Is there an explicit formula for finding the number of iterations needed for an approximation for Newton's method?

Question

I was asked to find the approximate number of iterations using Newton's Method and I was curious if there were an explicit formula as there is for the bisection method which is $|p_n-p|=\dfrac{(b-a)}{2^n}$. I was told that it was $2^N=$ (the number of decimal places desired), but I am finding that to be incorrect.

Answer 1

It depends on how close your first guess was to the root. One can prove convergence for newton's method with the Banach Contraction Theorem. If we let $$ g(x) = x-\frac{f(x)}{f'(x)} $$ then we can show that this is a contraction if $x_0$ is close to a root of $f$ that we'll call $a$ (and you make some reasonable assumptions about $f'$). Then note that $g(a)=a$. Let's call it's contraction constant $\theta$. And let $x_n=g(x_{n-1})$.

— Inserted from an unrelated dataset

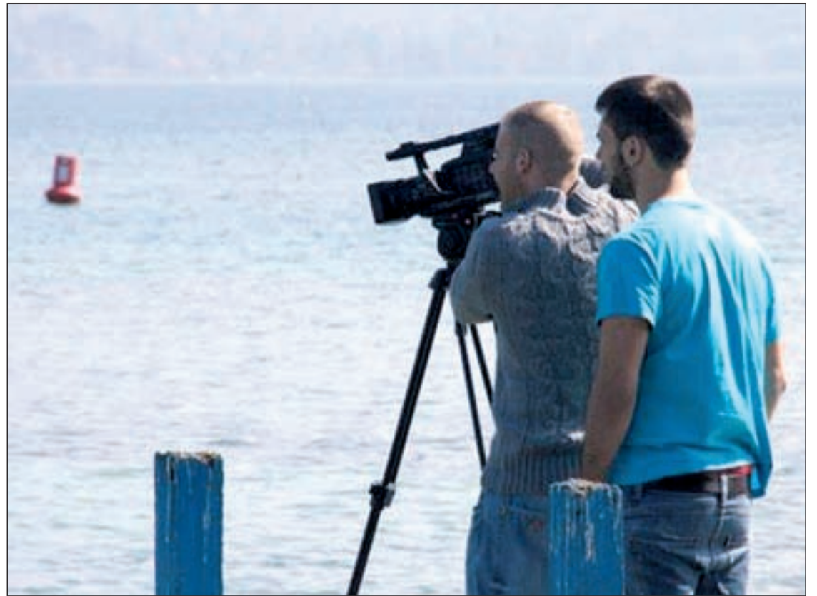
Una clase del Curso Intensivo de Documentales de la Universidad Camilo José Cela

Partiendo de la experiencia práctica de un emprendedor, la iniciativa, que incluye un taller de creación de empresa y elaboración de un plan de negocio, incide también en aspectos como la automotivación, el Coaching, la inteligencia emocional, la gestión del miedo y del estrés, las

$$ |x_n-a|=|g^{(n)}(x_0)-g^{(n)}(a)| \leq \theta^n|x_0-a| $$

So your suggestion in the post isn't bad. Getting $\theta \leq 1/2$ isn't too hard with a good guess on $a$.

Answer 2

The beauty of Newton's method is that it is second order. If the function is well represented by a Taylor series between your current estimate and the root, you roughly square the error each time. Say we are finding a root to $f(x)$ and the correct root is at $x=a$. Then $f(x) = f'(a)(x-a) + \frac 12f''(a)(x-a)^2+\dots$ As long as $f''(x)$ is not too large, so $f'(x_n) \approx f'(a)$ you will cancel out the linear term. This is the source of the approximation $2^N=$ desired decimal places. We assume that you have about one place at the start and that the error is squared each time. If you don't start near the root, it can often take a long time to get there, or you may get to another universe entirely.